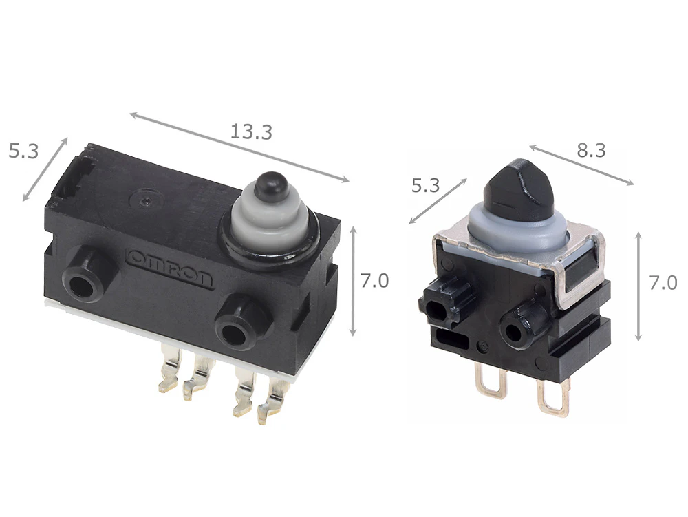 这是一款可以从上方和左右侧进行操作的小型微动开关,有助于将检测机构最小化。
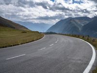 A scenic landscape in Europe, showcasing a winding asphalt road surrounded by lush vegetation and rolling highlands. Majestic mountains tower in the background, as clouds float peacefully across the sky.
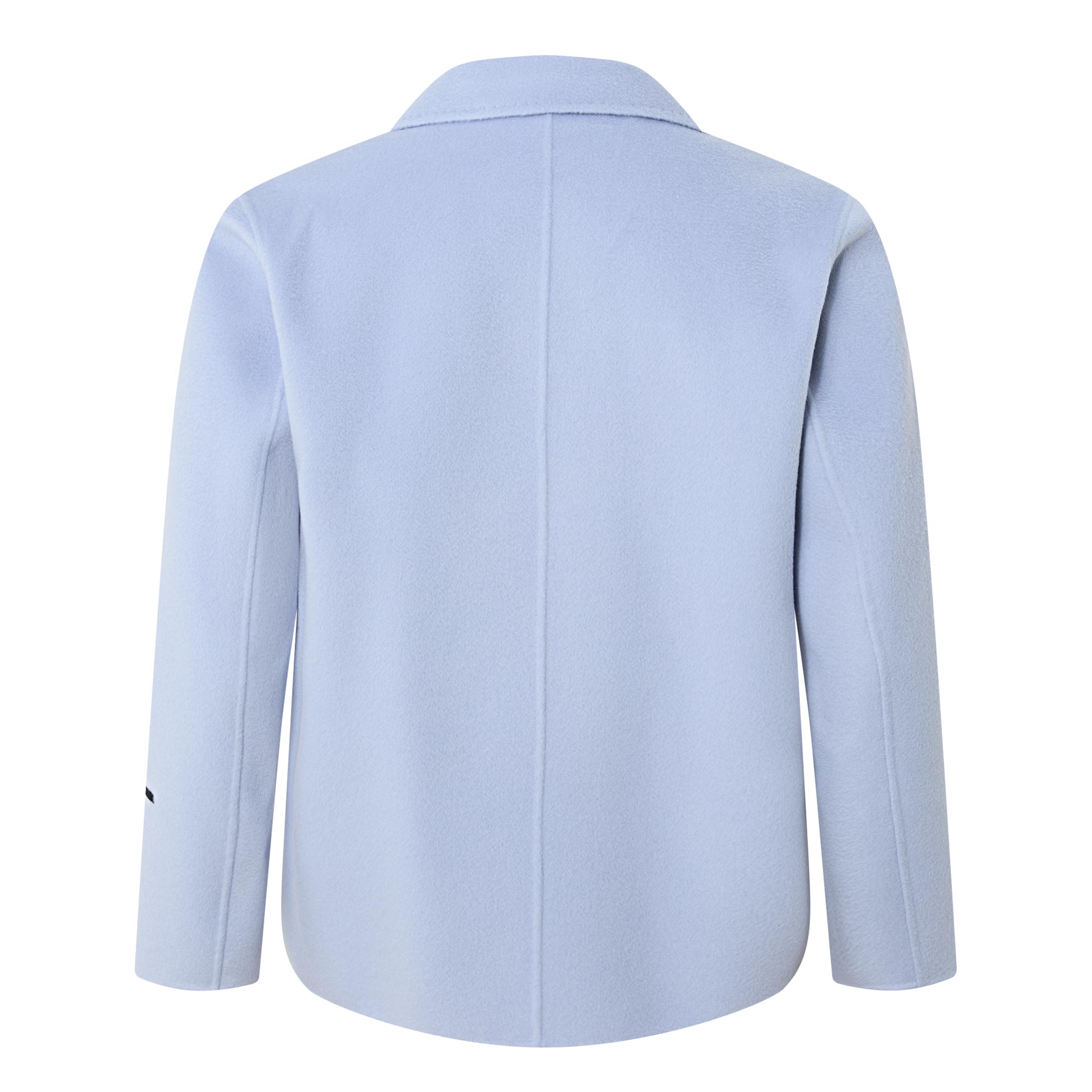 • Double-breasted front, long sleeves, notched-lapel collar, button fastenings, two side patch pockets, inverted seams, smooth fabric
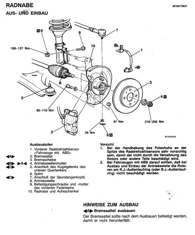 Bremszangenhaltebügel am Achsschenkel 100 Nm, Bremssattel am Bremszangenhaltebügel, verschiebbare Aufhängung , 27 Nm. Beides mit Schraubensicherung versehen.
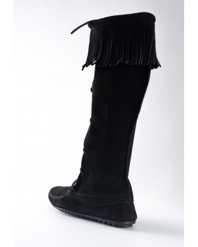 Stand out at the next festival with these iconic lace-up boots. A fashion essential for celebrities and trendsetters, these boho-chic moccasin boots lace up to just below the knee. Made by hand today from the same sleek design that was introduced in 1968. Long rawhide laces elongate your look while simple fringe dances down from the boot tops with every step.
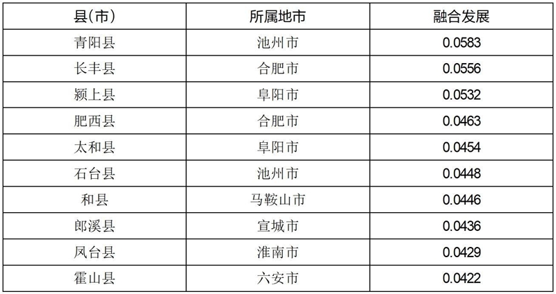 (4)安徽县域城乡融合成长阐发。按照生齿出生率、新增常住生齿、城乡居平易近人均可安排收入之等到一般公共预算财务收入占P比沉等目标的分析测评成果显示,青阳县、长丰县、颍上县、肥西县、太和县、石台县、和县、郎溪县、凤台县和霍山县等县(市)名列前茅。从地域分布来看,池州、合肥和阜阳均有2个县(市)进入全省前十位,马、宣城、淮南和六安各有1个县(市)进入全省前十位。
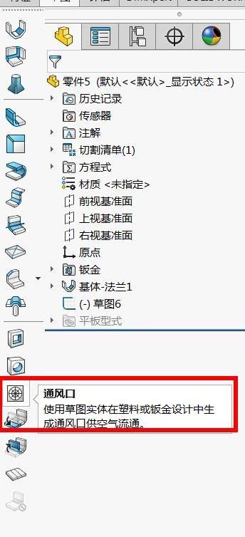 3、在钣金的工具栏中,找到通风口,选择这个命令
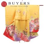 中古 子供着物 祝い着 肩揚げ・腰上げ済 正絹 山吹色 ピンク系 3歳用 七五三 お宮参り 和装 呉服 和服 きもの
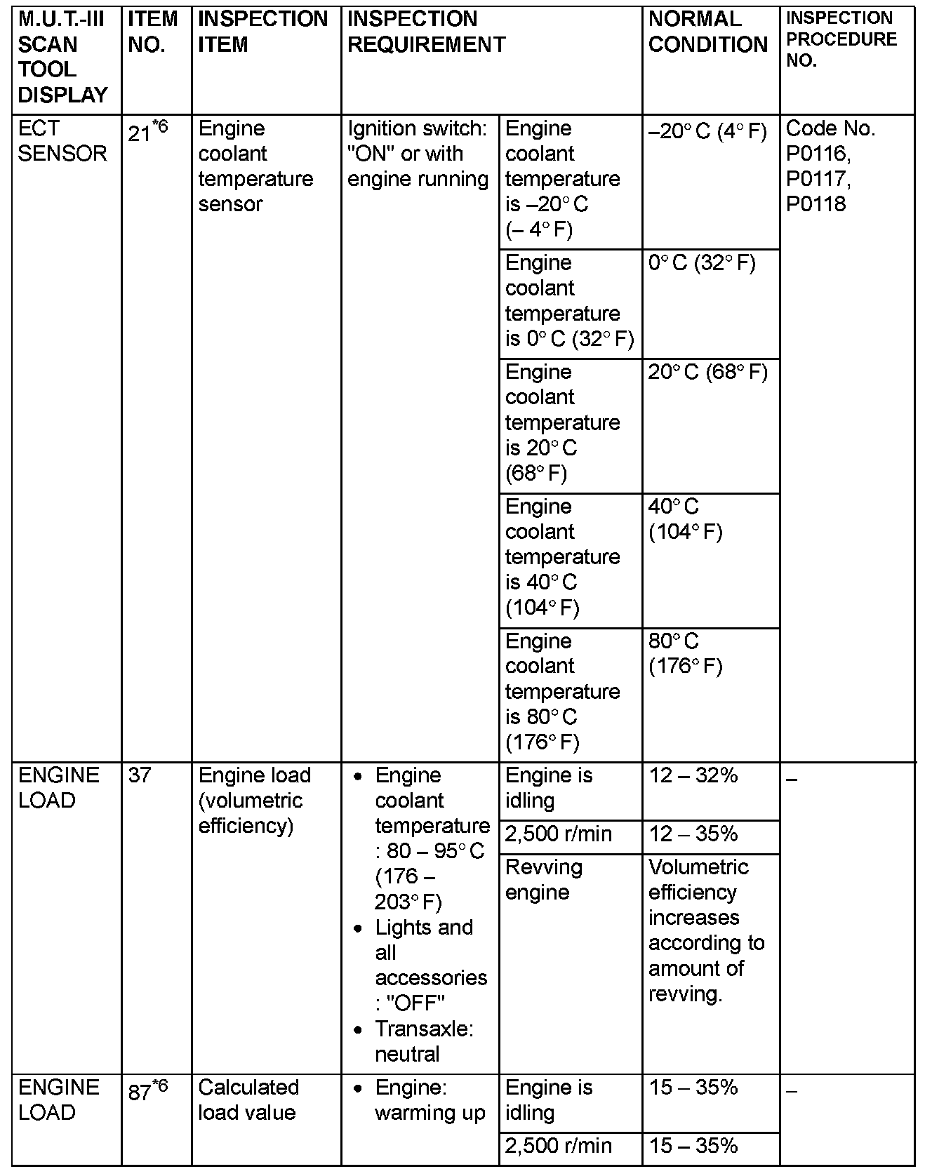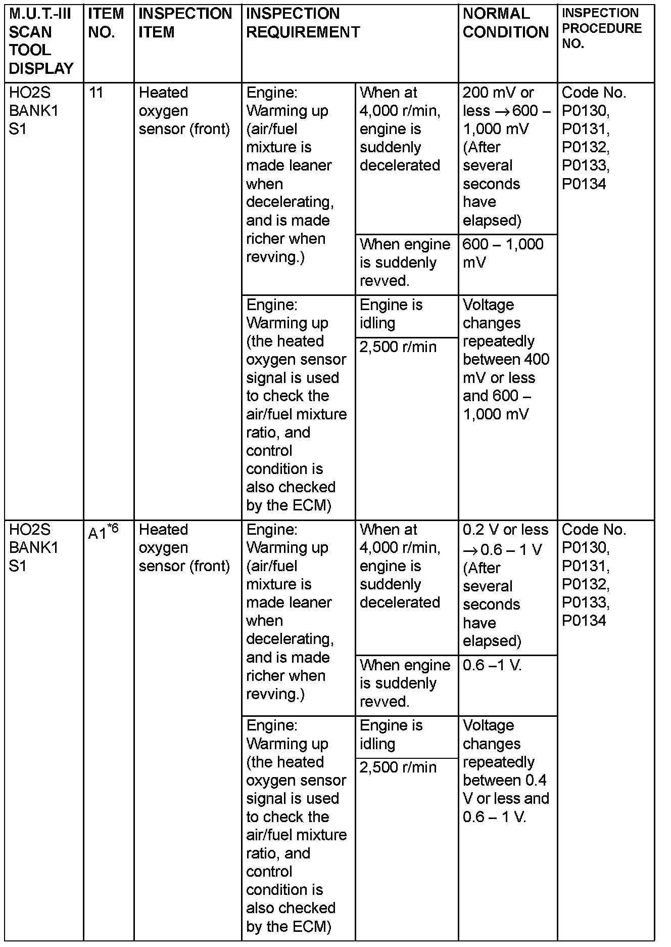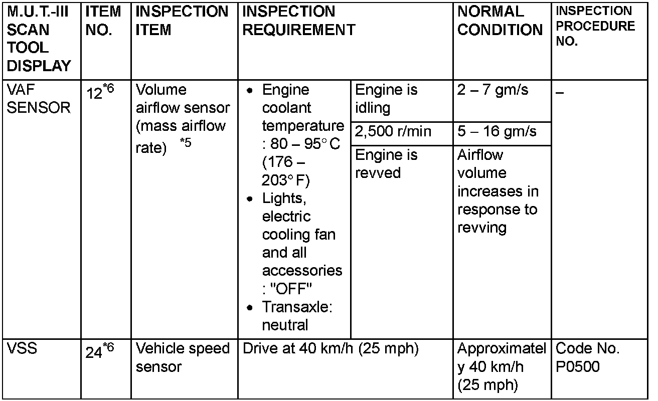 NOTE: *6: GST items. [Data list items consist of M.U.T.-III items and GST items. GST items can be accessed through the use of a general scan tool (GST). When scan tool MB991958 (M.U.T.-III sub assembly) is used, M.U.T.-III items appear alphabetically; then, GST items appear alphabetically. The black and white characters of the GST items are inverted from the M.U.T.-III items.]
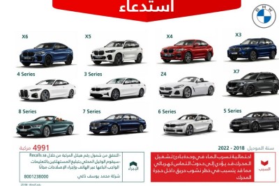 أعلنت وزارة التجارة عن استدعاء 4,991 مركبة من طرازات متعددة لسيارات BMW, تشمل موديلات الأعوام 2018 إلى 2022. ويأتي هذا الإجراء التحرازي نتيجة لاحتمالية تسرب الماء إلى ”وحدة بادئ تشغيل المحرك“، وهو خلل قد يؤدي إلى حدوث تماس كهربائي، وينتج عنه خطر نشوب حريق داخل حجرة المحرك. وشددت الوزارة على ملاك المركبات المشمولة بهذا الاستدعاء، ضرورة التحقق الفوري من شمول أرقام هياكل سياراتهم عبر الموقع الرسمي للاستدعاءات ”recalls.sa“. كما دعتهم إلى التواصل مع... |
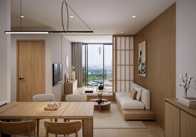 Phối cảnh phong cách nội thất Janpadi Style - một trong 4 phong cách quốc tế tại The Hybrid
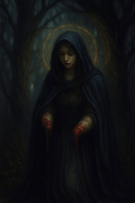 Draw her cloaked in shadows with her bandaged arms raised defiantly, blood seeping through the wrappings. The background can be a dim forest path, with faint glimmers of moonlight catching on her silhouette. - Devil’s Bargain:
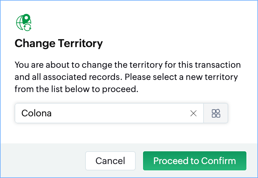 - Select a territory and click Proceed to Confirm.
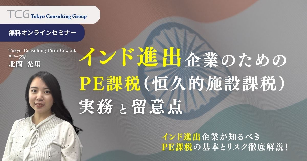 【4月24日】【Webセミナー】インド進出企業のための「PE課税(恒久的施設課税)」実務と留意点 〜インド進出企業が知るべきPE課税の基本とリスク徹底解説〜
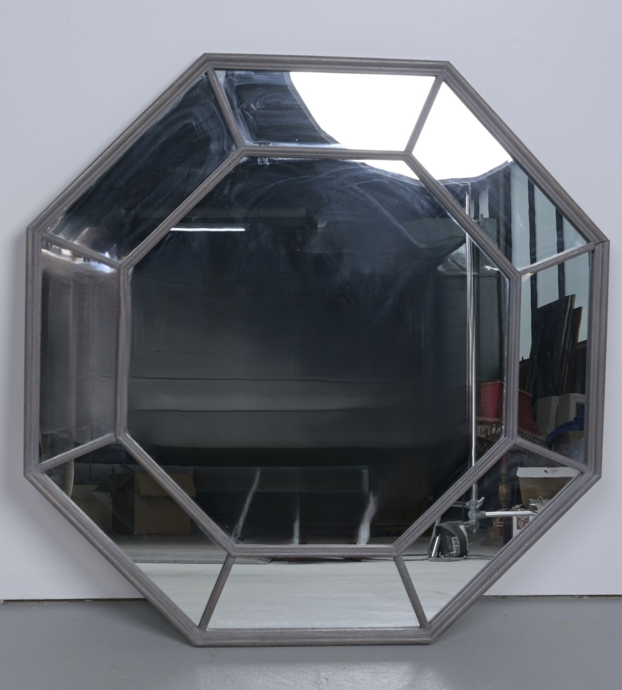 A CONTEMPORARY OCTAGONAL MIRROR (A/F) (123CM DIA)
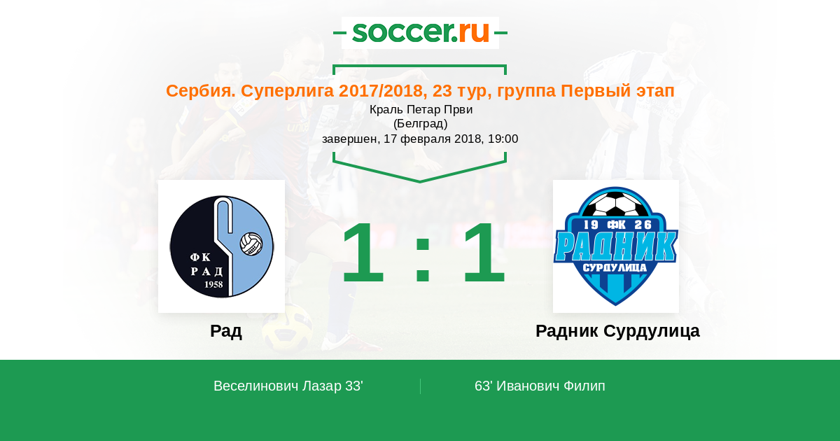 Рад - Радник Сурдулица: обзор матча 17 февраля 2018
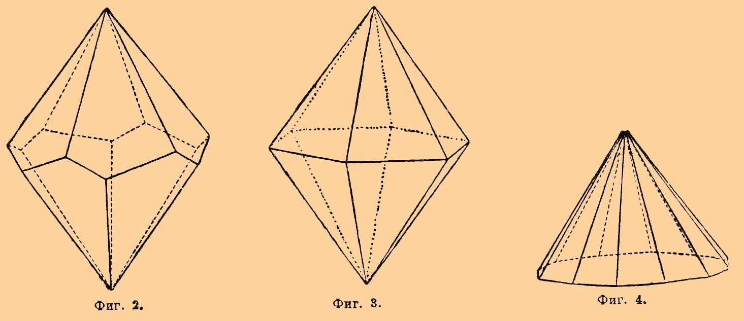 Теперь просмотрим все пять классов системы: 1) гексагонально-пирамидальный, обладает только шестерной осью симметрии. Типичная форма — гексагональная пирамида (см. фиг. 1).Из минералов примером может служить нефелин.
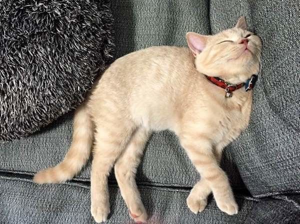 歩いているの…?いいえ、寝ているんです。ブリティッシュショートヘアのシャーロック君は、今にも歩き出しそうな格好で気持ちよさそうに眠っています。長い手足と上品な毛並みからは想像もつかないお茶目な寝姿に、ほっこりとしてしまいそうですね。
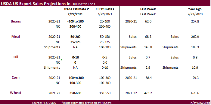the pig crop. Note China has not tendered for US corn since May and this morning we heard they were inquiring for US corn, but nothing materialized as of late Wednesday afternoon. Separately, China’s cabinet announced emergency adjustments of its pork reserves
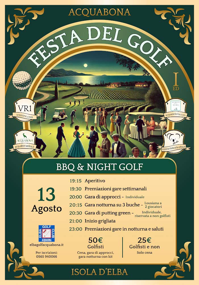 Der Abend beinhaltet einen Begrüßungsaperitif, ein gegrilltes Fleisch und unterhaltsame Abendaktivitäten für alle: Golfer, Sportler, Neugierige oder Menschen jeden Alters, die der Welt des Golfsports näher kommen möchten: einem Sport, der dem Wohlbefinden und dem Kontakt mit der Natur gewidmet ist . Der neue Vorstand – bestehend aus dem neuen Präsidenten Pietro Vallardi und dem Vizepräsidenten Federico Ballati sowie ihren Partnern – freut sich, alle Elbaner, Touristen und Freunde zu einem angenehmen gemeinsamen Abend einzuladen.
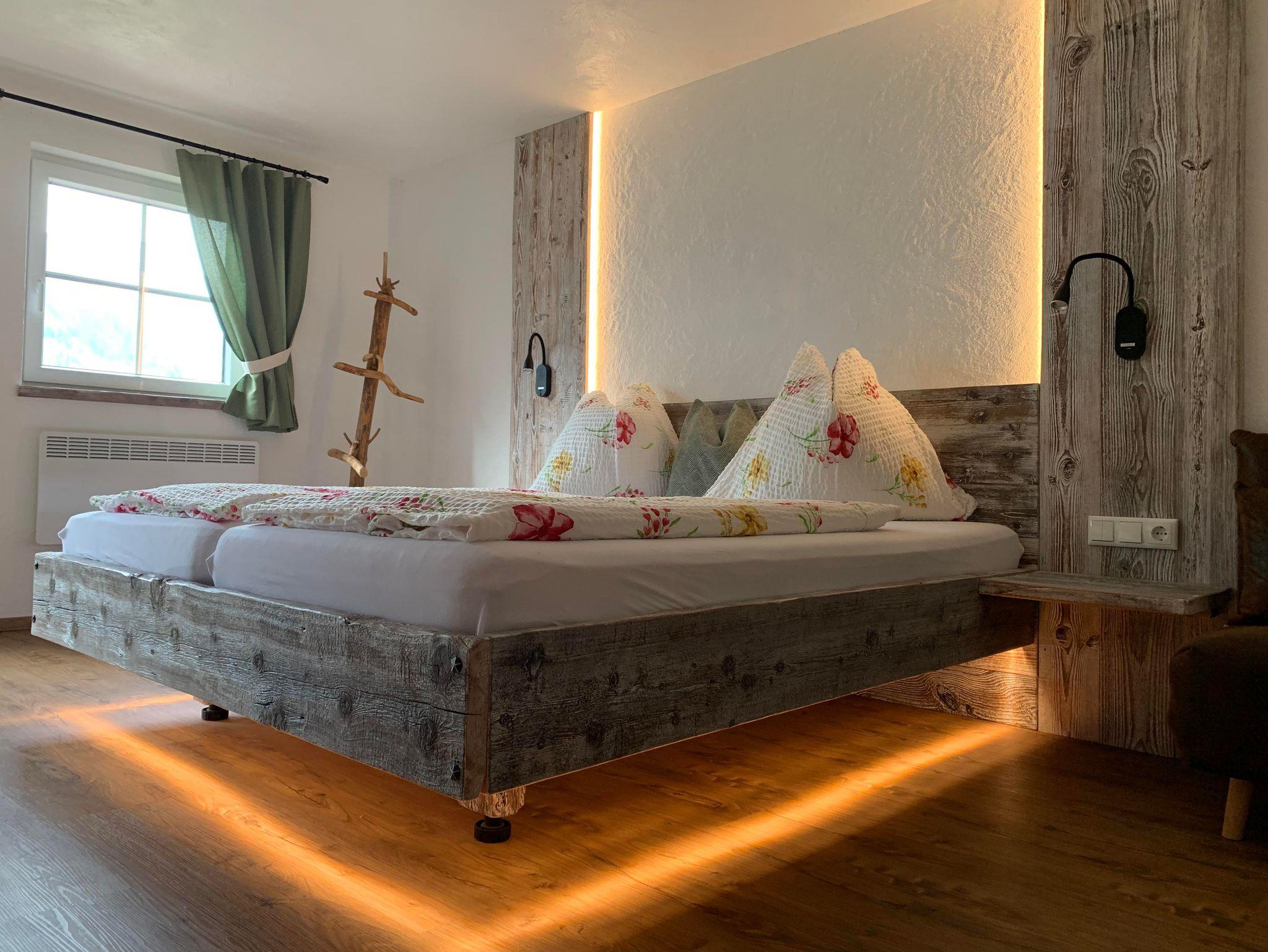 Der Ferienhof ist wie folgt ausgestattet: Erdgeschoß: großer Vorraum mit Garderobe; Wohnküche mit E-Herd + Backrohr, Kühlschrank, Holzherd, Geschirrspüler, Koch- und Essgeschirr und Sitzmöglichkeiten; neue gemütliche Altholz-Bauern-Stube mit Sitzecken und Satelliten-TV; 1 WC; Heizraum mit Schischuhtrockner. Erster Stock: Vorraum; 1 Doppelzimmer, 1 Doppelzimmer mit Einzelschlafsofa, 1 Doppelzimmer mit Doppelbett und 2 Einzelschlafsofas - alle 3 Zimmer sind komplett neu eingerichtet und mit WC, Dusche, TV und Balkon ausgestattet. Zweiter Stock: 1 WC; 1 Badezimmer mit Dusche, Badewanne und Waschbecken; 2 Einzelzimmer, 2 kleine Doppelzimmer (Queensize Bett), 1 Doppelzimmer und 1 Dreibettzimmer (Doppelbett, Einzelschlafsofa), alle (bis auf 1 EZ) ausgestattet mit Waschbecken; Zimmer teilweise mit Balkon.

• • • •

→ **TASK TO COMPLETE**
Quote all of the entries word for word, omitting any pictures.

→ **TASK RESPONSE**
 这是一款可以从上方和左右侧进行操作的小型微动开关,有助于将检测机构最小化。
 A scenic landscape in Europe, showcasing a winding asphalt road surrounded by lush vegetation and rolling highlands. Majestic mountains tower in the background, as clouds float peacefully across the sky.
 • Double-breasted front, long sleeves, notched-lapel collar, button fastenings, two side patch pockets, inverted seams, smooth fabric
 Bremszangenhaltebügel am Achsschenkel 100 Nm, Bremssattel am Bremszangenhaltebügel, verschiebbare Aufhängung , 27 Nm. Beides mit Schraubensicherung versehen.
 Stand out at the next festival with these iconic lace-up boots. A fashion essential for celebrities and trendsetters, these boho-chic moccasin boots lace up to just below the knee. Made by hand today from the same sleek design that was introduced in 1968. Long rawhide laces elongate your look while simple fringe dances down from the boot tops with every step.
 (4)安徽县域城乡融合成长阐发。按照生齿出生率、新增常住生齿、城乡居平易近人均可安排收入之等到一般公共预算财务收入占P比沉等目标的分析测评成果显示,青阳县、长丰县、颍上县、肥西县、太和县、石台县、和县、郎溪县、凤台县和霍山县等县(市)名列前茅。从地域分布来看,池州、合肥和阜阳均有2个县(市)进入全省前十位,马、宣城、淮南和六安各有1个县(市)进入全省前十位。
 3、在钣金的工具栏中,找到通风口,选择这个命令
 中古 子供着物 祝い着 肩揚げ・腰上げ済 正絹 山吹色 ピンク系 3歳用 七五三 お宮参り 和装 呉服 和服 きもの
 NOTE: *6: GST items. [Data list items consist of M.U.T.-III items and GST items. GST items can be accessed through the use of a general scan tool (GST). When scan tool MB991958 (M.U.T.-III sub assembly) is used, M.U.T.-III items appear alphabetically; then, GST items appear alphabetically. The black and white characters of the GST items are inverted from the M.U.T.-III items.]
 أعلنت وزارة التجارة عن استدعاء 4,991 مركبة من طرازات متعددة لسيارات BMW, تشمل موديلات الأعوام 2018 إلى 2022. ويأتي هذا الإجراء التحرازي نتيجة لاحتمالية تسرب الماء إلى ”وحدة بادئ تشغيل المحرك“، وهو خلل قد يؤدي إلى حدوث تماس كهربائي، وينتج عنه خطر نشوب حريق داخل حجرة المحرك. وشددت الوزارة على ملاك المركبات المشمولة بهذا الاستدعاء، ضرورة التحقق الفوري من شمول أرقام هياكل سياراتهم عبر الموقع الرسمي للاستدعاءات ”recalls.sa“. كما دعتهم إلى التواصل مع... |
 Phối cảnh phong cách nội thất Janpadi Style - một trong 4 phong cách quốc tế tại The Hybrid
 Draw her cloaked in shadows with her bandaged arms raised defiantly, blood seeping through the wrappings. The background can be a dim forest path, with faint glimmers of moonlight catching on her silhouette. - Devil’s Bargain:
 - Select a territory and click Proceed to Confirm.
 【4月24日】【Webセミナー】インド進出企業のための「PE課税(恒久的施設課税)」実務と留意点 〜インド進出企業が知るべきPE課税の基本とリスク徹底解説〜
 A CONTEMPORARY OCTAGONAL MIRROR (A/F) (123CM DIA)
 Рад - Радник Сурдулица: обзор матча 17 февраля 2018
 Теперь просмотрим все пять классов системы: 1) гексагонально-пирамидальный, обладает только шестерной осью симметрии. Типичная форма — гексагональная пирамида (см. фиг. 1).Из минералов примером может служить нефелин.
 歩いているの…?いいえ、寝ているんです。ブリティッシュショートヘアのシャーロック君は、今にも歩き出しそうな格好で気持ちよさそうに眠っています。長い手足と上品な毛並みからは想像もつかないお茶目な寝姿に、ほっこりとしてしまいそうですね。
the pig crop. Note China has not tendered for US corn since May and this morning we heard they were inquiring for US corn, but nothing materialized as of late Wednesday afternoon. Separately, China’s cabinet announced emergency adjustments of its pork reserves
 Der Abend beinhaltet einen Begrüßungsaperitif, ein gegrilltes Fleisch und unterhaltsame Abendaktivitäten für alle: Golfer, Sportler, Neugierige oder Menschen jeden Alters, die der Welt des Golfsports näher kommen möchten: einem Sport, der dem Wohlbefinden und dem Kontakt mit der Natur gewidmet ist . Der neue Vorstand – bestehend aus dem neuen Präsidenten Pietro Vallardi und dem Vizepräsidenten Federico Ballati sowie ihren Partnern – freut sich, alle Elbaner, Touristen und Freunde zu einem angenehmen gemeinsamen Abend einzuladen.
 Der Ferienhof ist wie folgt ausgestattet: Erdgeschoß: großer Vorraum mit Garderobe; Wohnküche mit E-Herd + Backrohr, Kühlschrank, Holzherd, Geschirrspüler, Koch- und Essgeschirr und Sitzmöglichkeiten; neue gemütliche Altholz-Bauern-Stube mit Sitzecken und Satelliten-TV; 1 WC; Heizraum mit Schischuhtrockner. Erster Stock: Vorraum; 1 Doppelzimmer, 1 Doppelzimmer mit Einzelschlafsofa, 1 Doppelzimmer mit Doppelbett und 2 Einzelschlafsofas - alle 3 Zimmer sind komplett neu eingerichtet und mit WC, Dusche, TV und Balkon ausgestattet. Zweiter Stock: 1 WC; 1 Badezimmer mit Dusche, Badewanne und Waschbecken; 2 Einzelzimmer, 2 kleine Doppelzimmer (Queensize Bett), 1 Doppelzimmer und 1 Dreibettzimmer (Doppelbett, Einzelschlafsofa), alle (bis auf 1 EZ) ausgestattet mit Waschbecken; Zimmer teilweise mit Balkon.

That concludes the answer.